• Data for this exercise:
# # # #
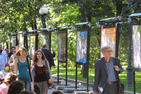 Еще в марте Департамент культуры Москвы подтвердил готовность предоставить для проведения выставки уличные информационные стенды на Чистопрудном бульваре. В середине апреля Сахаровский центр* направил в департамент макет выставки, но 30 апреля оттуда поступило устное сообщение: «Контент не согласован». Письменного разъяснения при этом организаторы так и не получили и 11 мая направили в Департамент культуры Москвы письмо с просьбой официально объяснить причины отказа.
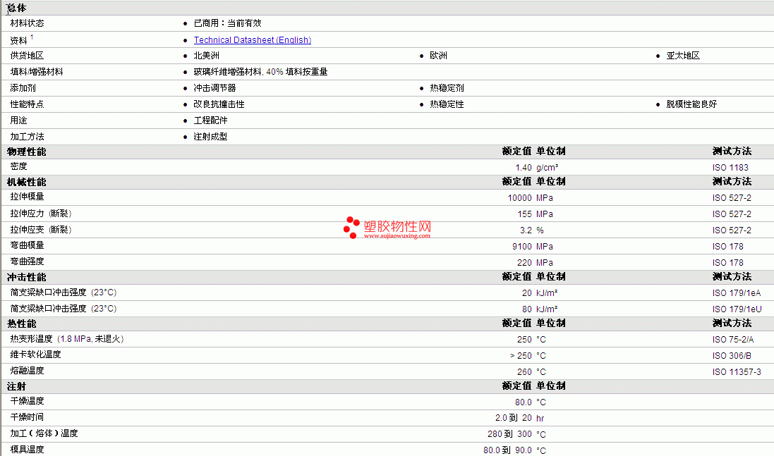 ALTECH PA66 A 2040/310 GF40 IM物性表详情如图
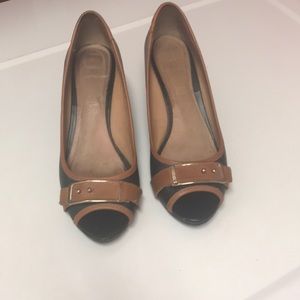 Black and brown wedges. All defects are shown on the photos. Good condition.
# # # #
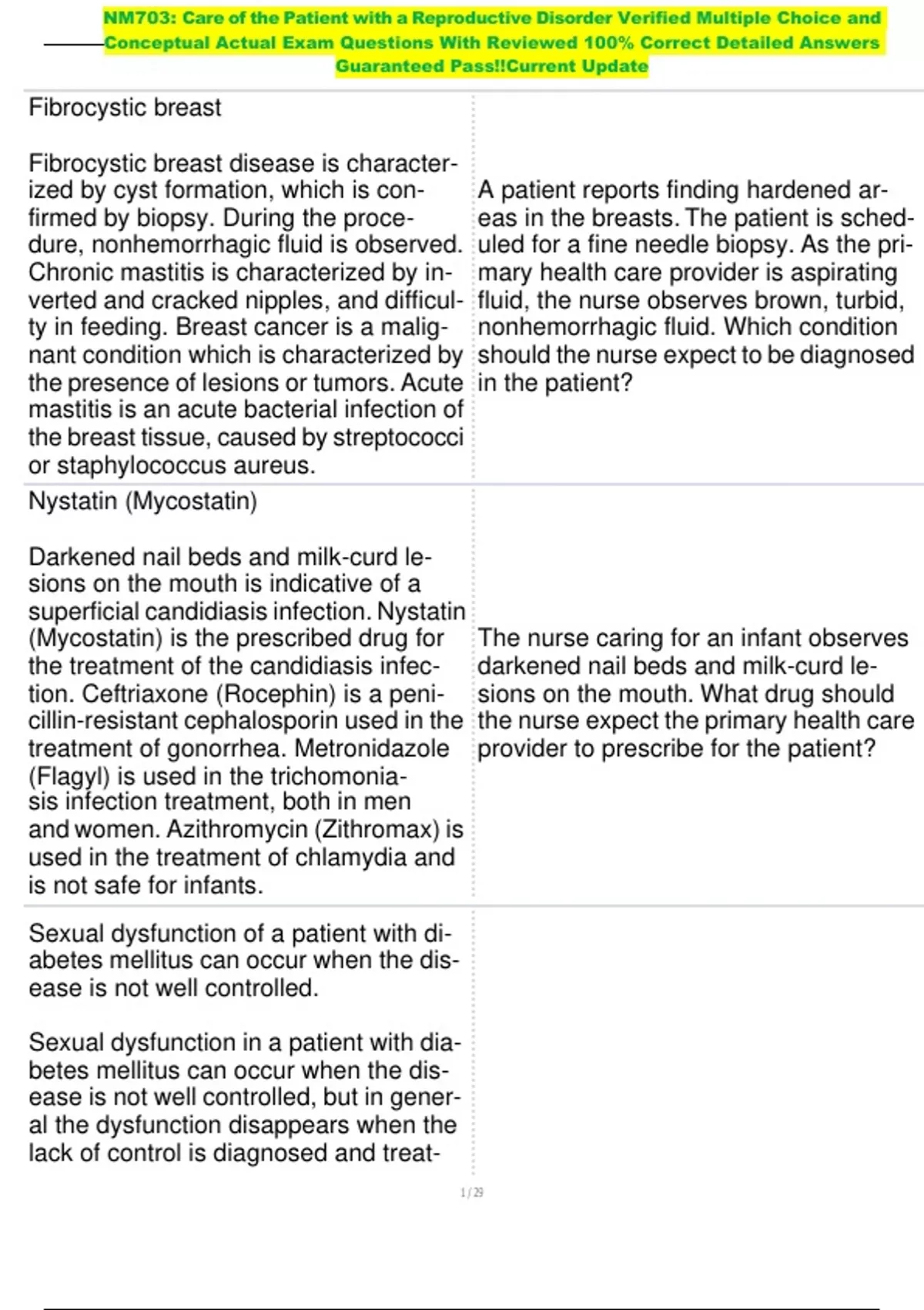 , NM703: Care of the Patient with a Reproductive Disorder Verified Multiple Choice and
# # # #
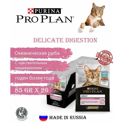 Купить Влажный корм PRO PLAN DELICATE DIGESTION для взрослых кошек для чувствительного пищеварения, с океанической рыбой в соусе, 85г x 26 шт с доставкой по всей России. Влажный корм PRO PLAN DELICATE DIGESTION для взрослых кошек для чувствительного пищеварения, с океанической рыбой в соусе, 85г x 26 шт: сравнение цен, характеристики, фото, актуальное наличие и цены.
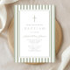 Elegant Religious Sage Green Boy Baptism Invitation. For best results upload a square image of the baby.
# # # #
• Exercise directions:
Both the line above containing "Купить Влажный корм" and the line containing "Elegant Religious Sage" belong in the copy, along with every line between them; print these exactly and omit the pictures.

• Answer section:
 Купить Влажный корм PRO PLAN DELICATE DIGESTION для взрослых кошек для чувствительного пищеварения, с океанической рыбой в соусе, 85г x 26 шт с доставкой по всей России. Влажный корм PRO PLAN DELICATE DIGESTION для взрослых кошек для чувствительного пищеварения, с океанической рыбой в соусе, 85г x 26 шт: сравнение цен, характеристики, фото, актуальное наличие и цены.
 Elegant Religious Sage Green Boy Baptism Invitation. For best results upload a square image of the baby.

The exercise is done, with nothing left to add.